▸ **What is needed**
After locating the line with "El espejo de" in the entries below, output it and each following line up to and including the line with "刺身やてんぷら、お肉などが綺", exactly and without pictures.

Dataset excerpts
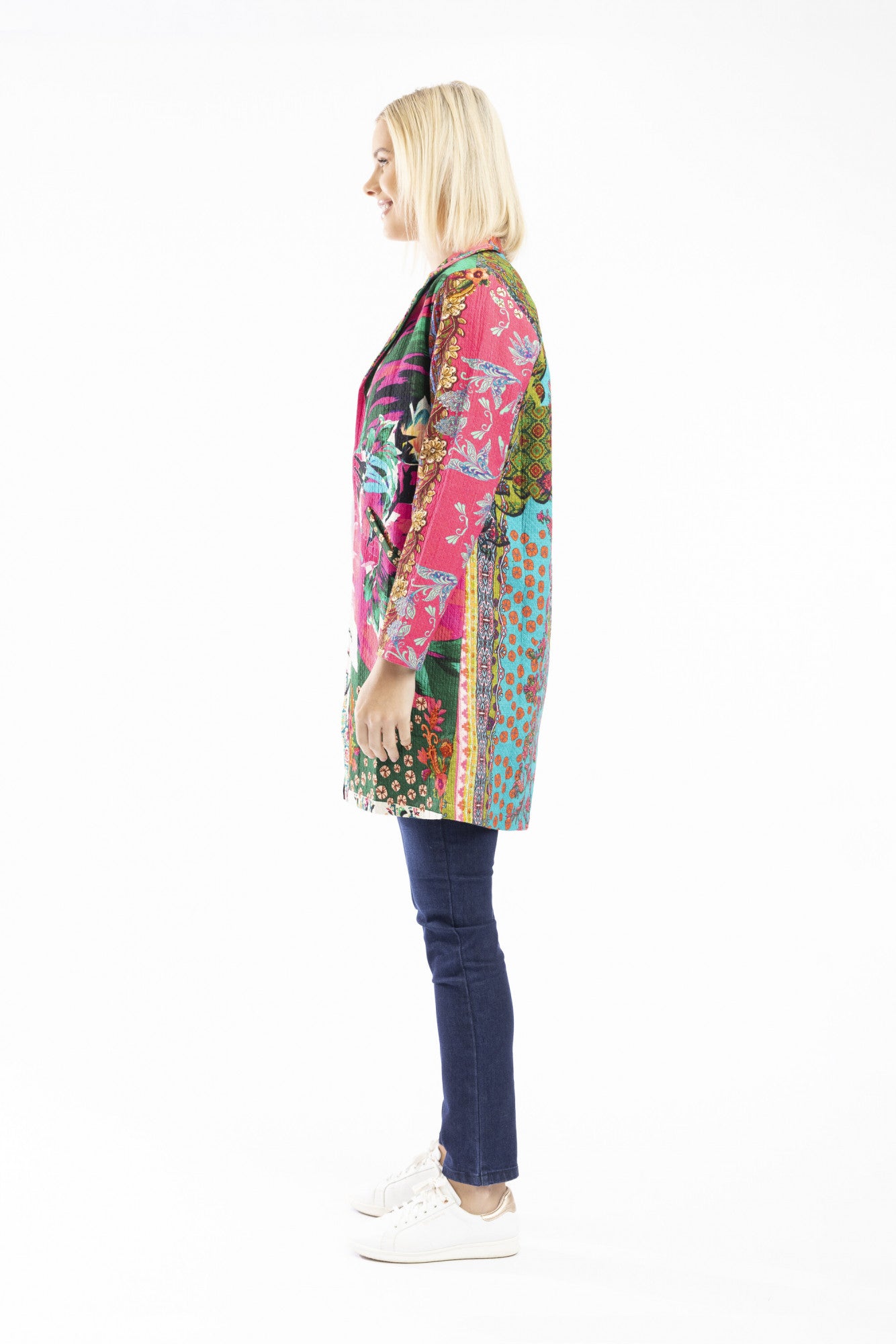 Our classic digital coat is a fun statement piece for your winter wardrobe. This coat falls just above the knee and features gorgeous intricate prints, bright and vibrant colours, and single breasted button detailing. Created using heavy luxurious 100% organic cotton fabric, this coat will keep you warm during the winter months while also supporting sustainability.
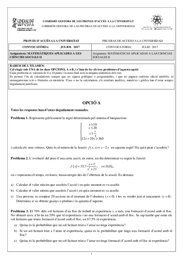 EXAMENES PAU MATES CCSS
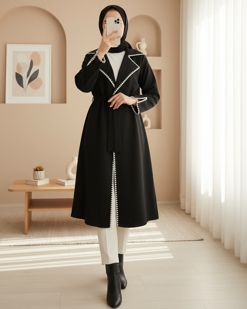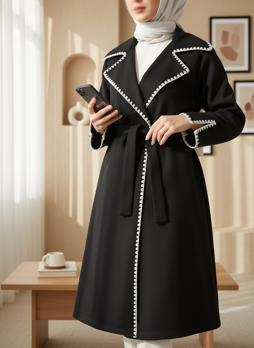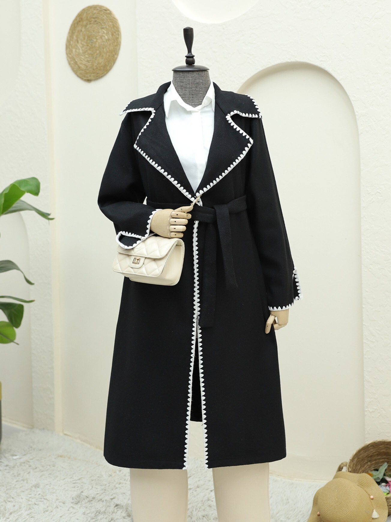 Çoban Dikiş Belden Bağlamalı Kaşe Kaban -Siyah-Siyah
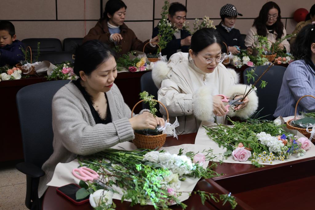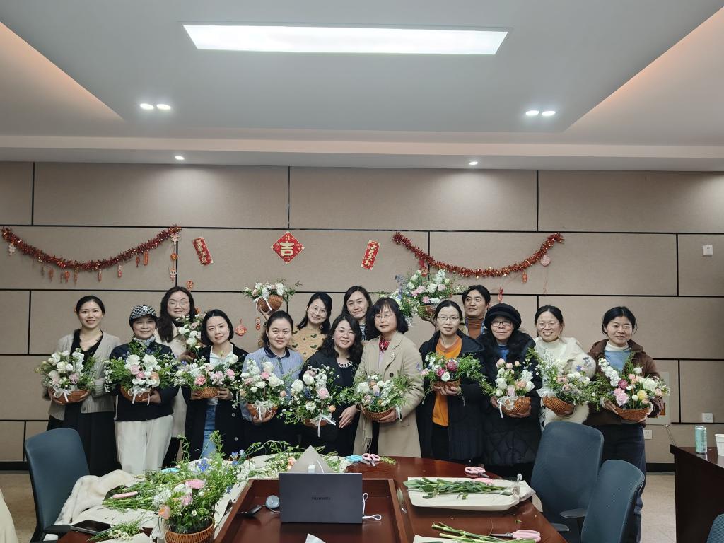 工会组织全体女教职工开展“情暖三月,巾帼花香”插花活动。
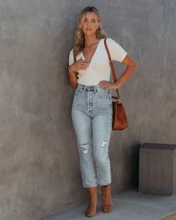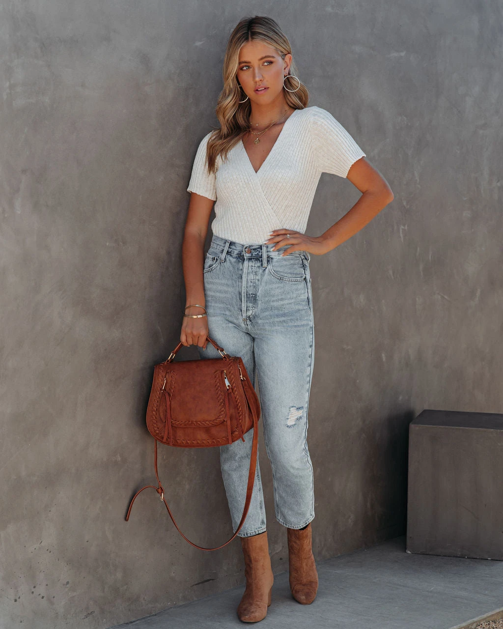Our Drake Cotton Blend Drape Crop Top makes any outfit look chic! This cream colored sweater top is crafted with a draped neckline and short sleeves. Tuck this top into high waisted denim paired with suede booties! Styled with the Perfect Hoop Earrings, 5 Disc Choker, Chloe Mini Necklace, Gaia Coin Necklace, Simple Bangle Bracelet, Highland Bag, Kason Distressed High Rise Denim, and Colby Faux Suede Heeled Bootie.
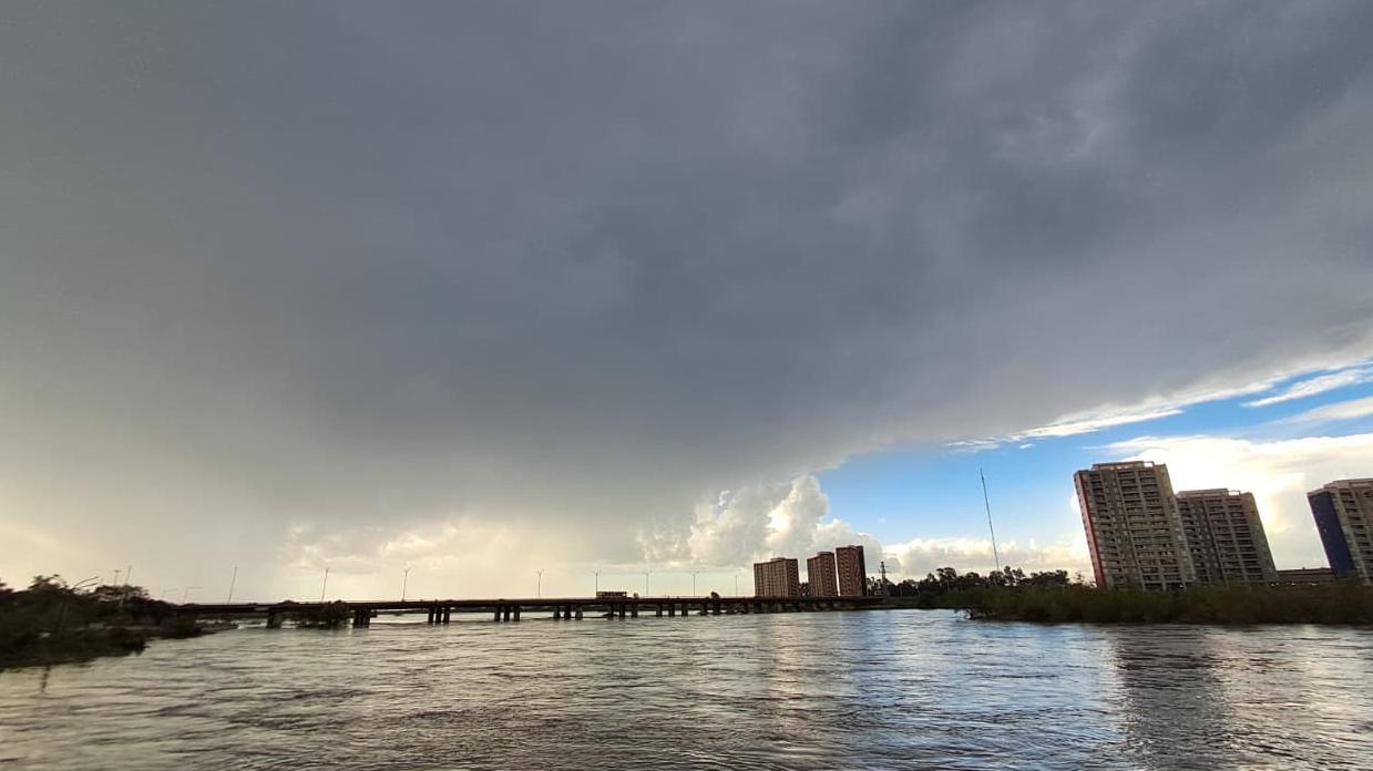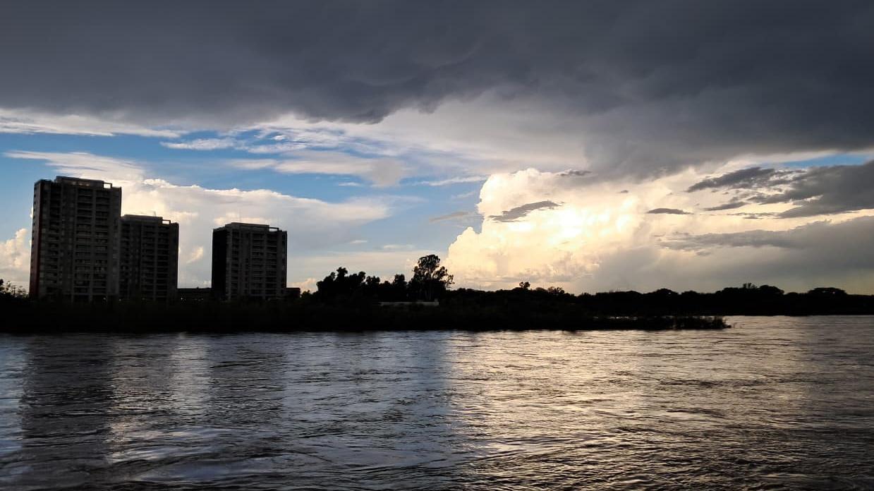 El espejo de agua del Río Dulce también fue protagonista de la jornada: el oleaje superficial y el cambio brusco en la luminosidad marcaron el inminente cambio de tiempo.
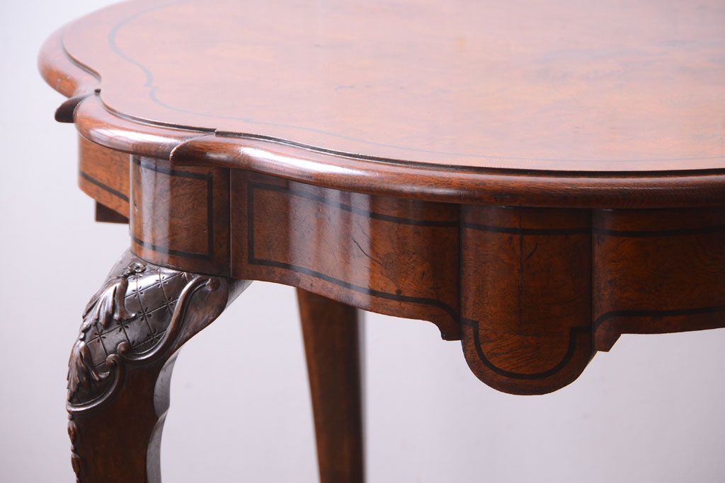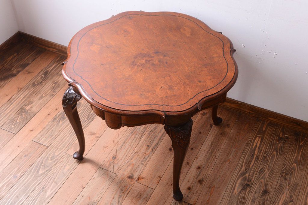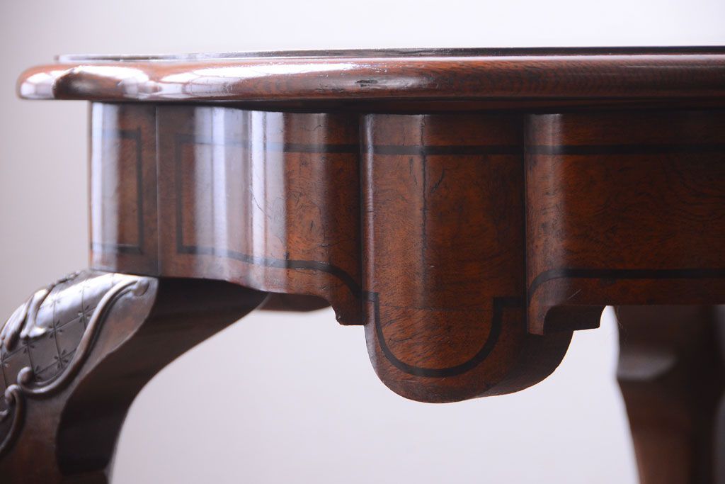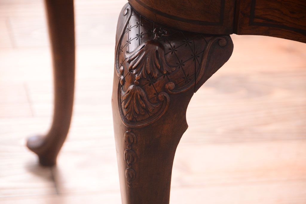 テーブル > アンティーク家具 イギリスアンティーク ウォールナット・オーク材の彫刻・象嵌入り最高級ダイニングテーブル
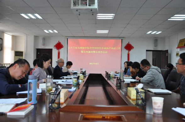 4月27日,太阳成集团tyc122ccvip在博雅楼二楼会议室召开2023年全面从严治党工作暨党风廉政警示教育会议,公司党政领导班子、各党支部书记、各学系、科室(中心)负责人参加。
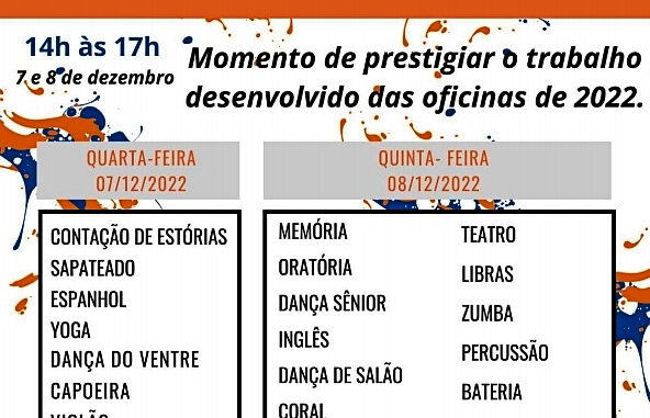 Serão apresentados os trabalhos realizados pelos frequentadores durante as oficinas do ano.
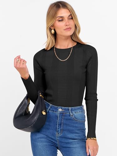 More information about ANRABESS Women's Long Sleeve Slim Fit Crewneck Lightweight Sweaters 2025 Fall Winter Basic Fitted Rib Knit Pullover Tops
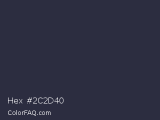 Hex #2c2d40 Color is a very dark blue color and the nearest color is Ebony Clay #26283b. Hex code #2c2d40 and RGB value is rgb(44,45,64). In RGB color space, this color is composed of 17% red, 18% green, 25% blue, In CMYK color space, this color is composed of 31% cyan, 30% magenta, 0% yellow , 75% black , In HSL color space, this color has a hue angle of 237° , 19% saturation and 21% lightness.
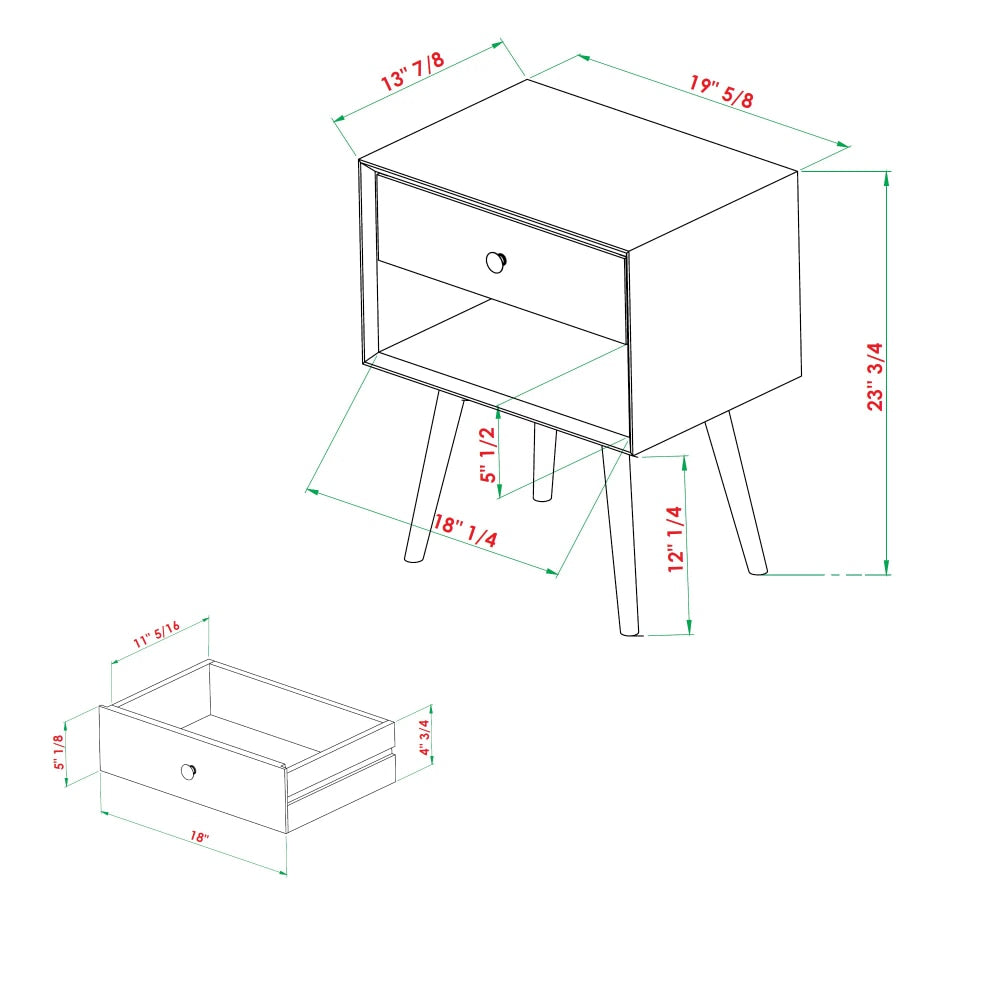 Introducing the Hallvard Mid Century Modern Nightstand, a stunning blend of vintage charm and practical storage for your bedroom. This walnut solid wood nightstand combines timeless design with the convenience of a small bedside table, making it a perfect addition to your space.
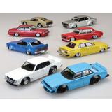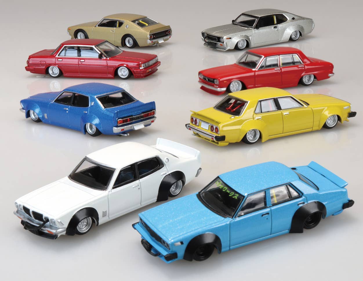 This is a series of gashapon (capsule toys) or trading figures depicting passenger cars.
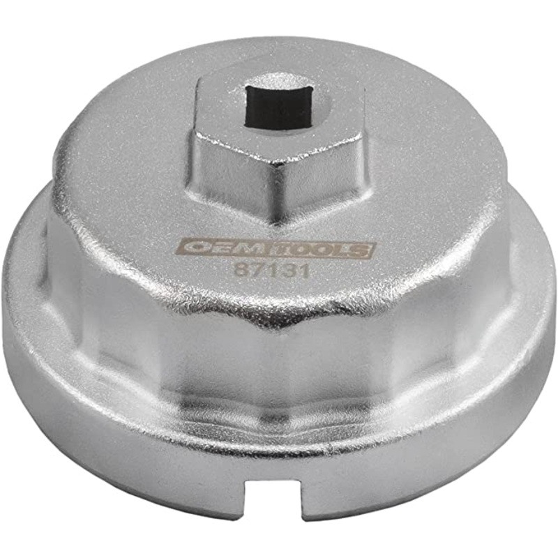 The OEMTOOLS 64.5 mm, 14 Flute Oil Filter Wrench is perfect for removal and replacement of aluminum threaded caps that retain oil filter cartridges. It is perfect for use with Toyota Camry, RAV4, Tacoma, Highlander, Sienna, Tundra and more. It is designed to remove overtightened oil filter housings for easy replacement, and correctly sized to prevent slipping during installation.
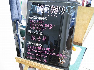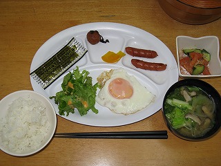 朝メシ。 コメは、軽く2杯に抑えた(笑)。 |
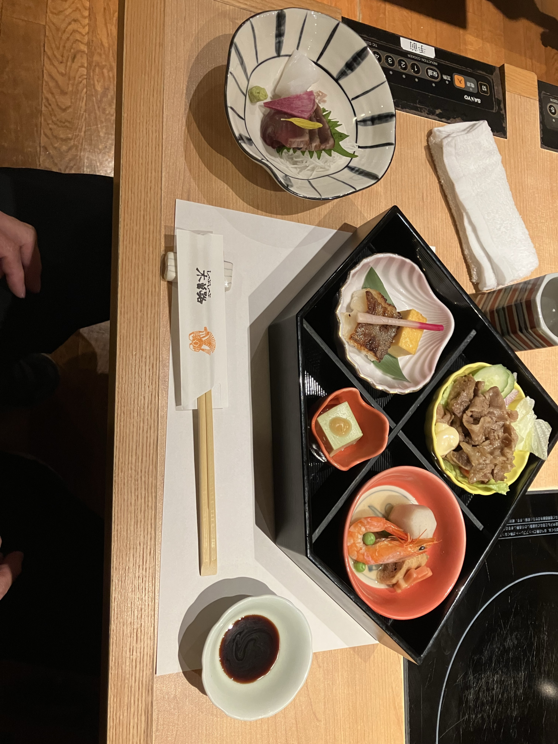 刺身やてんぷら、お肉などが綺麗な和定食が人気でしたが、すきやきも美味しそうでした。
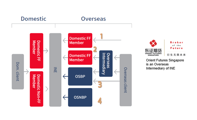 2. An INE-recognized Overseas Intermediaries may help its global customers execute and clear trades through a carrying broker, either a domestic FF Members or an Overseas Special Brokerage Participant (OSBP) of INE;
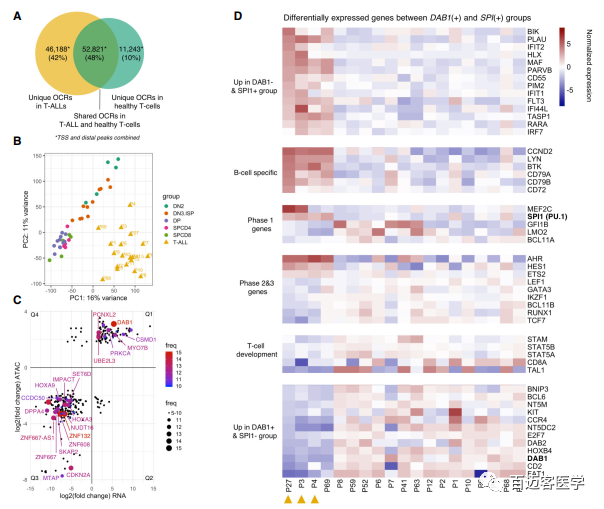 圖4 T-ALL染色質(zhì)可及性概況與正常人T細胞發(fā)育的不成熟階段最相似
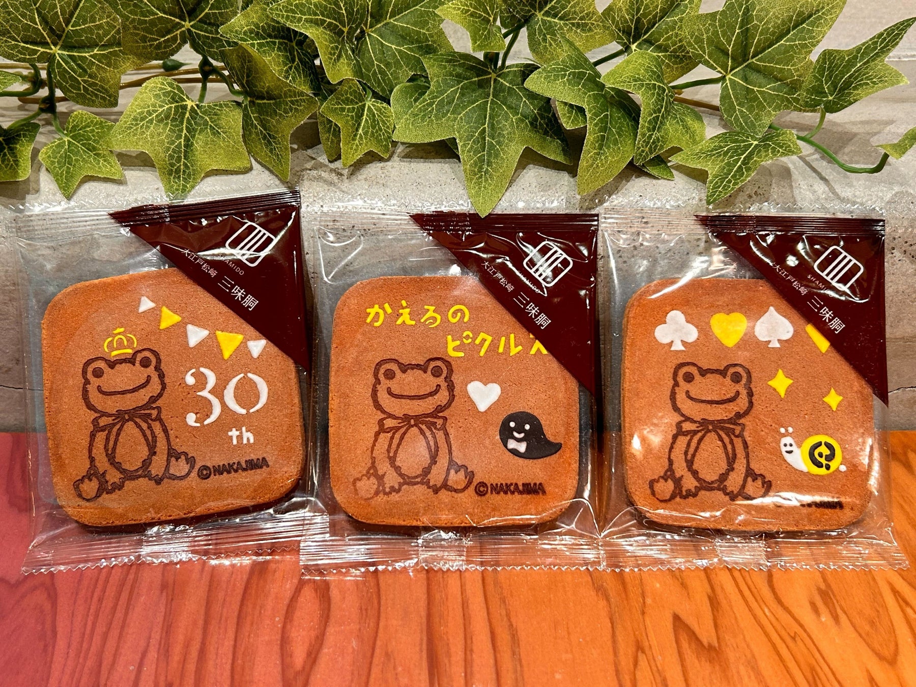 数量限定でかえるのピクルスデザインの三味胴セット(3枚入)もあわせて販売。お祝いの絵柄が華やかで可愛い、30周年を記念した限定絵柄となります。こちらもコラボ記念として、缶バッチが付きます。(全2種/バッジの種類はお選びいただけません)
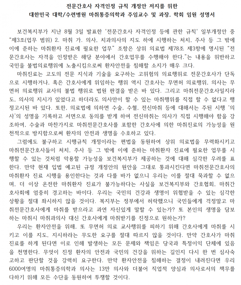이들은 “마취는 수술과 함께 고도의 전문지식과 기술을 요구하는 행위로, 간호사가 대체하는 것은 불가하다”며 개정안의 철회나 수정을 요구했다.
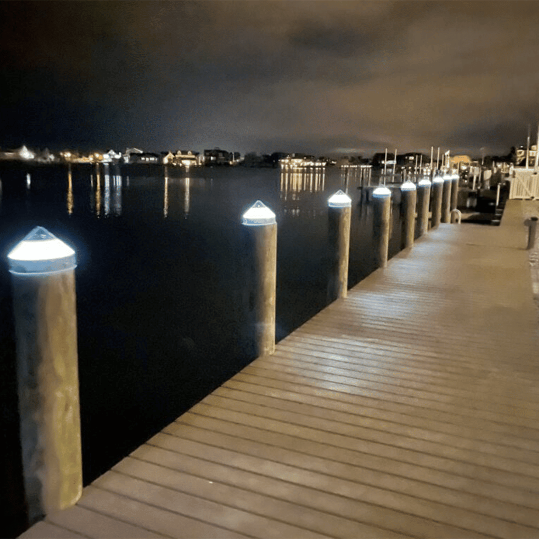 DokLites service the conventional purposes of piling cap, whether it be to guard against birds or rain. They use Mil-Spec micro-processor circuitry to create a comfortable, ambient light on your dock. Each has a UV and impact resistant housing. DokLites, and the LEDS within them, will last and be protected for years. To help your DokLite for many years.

▸ **Task output**
 El espejo de agua del Río Dulce también fue protagonista de la jornada: el oleaje superficial y el cambio brusco en la luminosidad marcaron el inminente cambio de tiempo.
 テーブル > アンティーク家具 イギリスアンティーク ウォールナット・オーク材の彫刻・象嵌入り最高級ダイニングテーブル
 4月27日,太阳成集团tyc122ccvip在博雅楼二楼会议室召开2023年全面从严治党工作暨党风廉政警示教育会议,公司党政领导班子、各党支部书记、各学系、科室(中心)负责人参加。
 Serão apresentados os trabalhos realizados pelos frequentadores durante as oficinas do ano.
 More information about ANRABESS Women's Long Sleeve Slim Fit Crewneck Lightweight Sweaters 2025 Fall Winter Basic Fitted Rib Knit Pullover Tops
 Hex #2c2d40 Color is a very dark blue color and the nearest color is Ebony Clay #26283b. Hex code #2c2d40 and RGB value is rgb(44,45,64). In RGB color space, this color is composed of 17% red, 18% green, 25% blue, In CMYK color space, this color is composed of 31% cyan, 30% magenta, 0% yellow , 75% black , In HSL color space, this color has a hue angle of 237° , 19% saturation and 21% lightness.
 Introducing the Hallvard Mid Century Modern Nightstand, a stunning blend of vintage charm and practical storage for your bedroom. This walnut solid wood nightstand combines timeless design with the convenience of a small bedside table, making it a perfect addition to your space.
 This is a series of gashapon (capsule toys) or trading figures depicting passenger cars.
 The OEMTOOLS 64.5 mm, 14 Flute Oil Filter Wrench is perfect for removal and replacement of aluminum threaded caps that retain oil filter cartridges. It is perfect for use with Toyota Camry, RAV4, Tacoma, Highlander, Sienna, Tundra and more. It is designed to remove overtightened oil filter housings for easy replacement, and correctly sized to prevent slipping during installation.
 朝メシ。 コメは、軽く2杯に抑えた(笑)。 |
 刺身やてんぷら、お肉などが綺麗な和定食が人気でしたが、すきやきも美味しそうでした。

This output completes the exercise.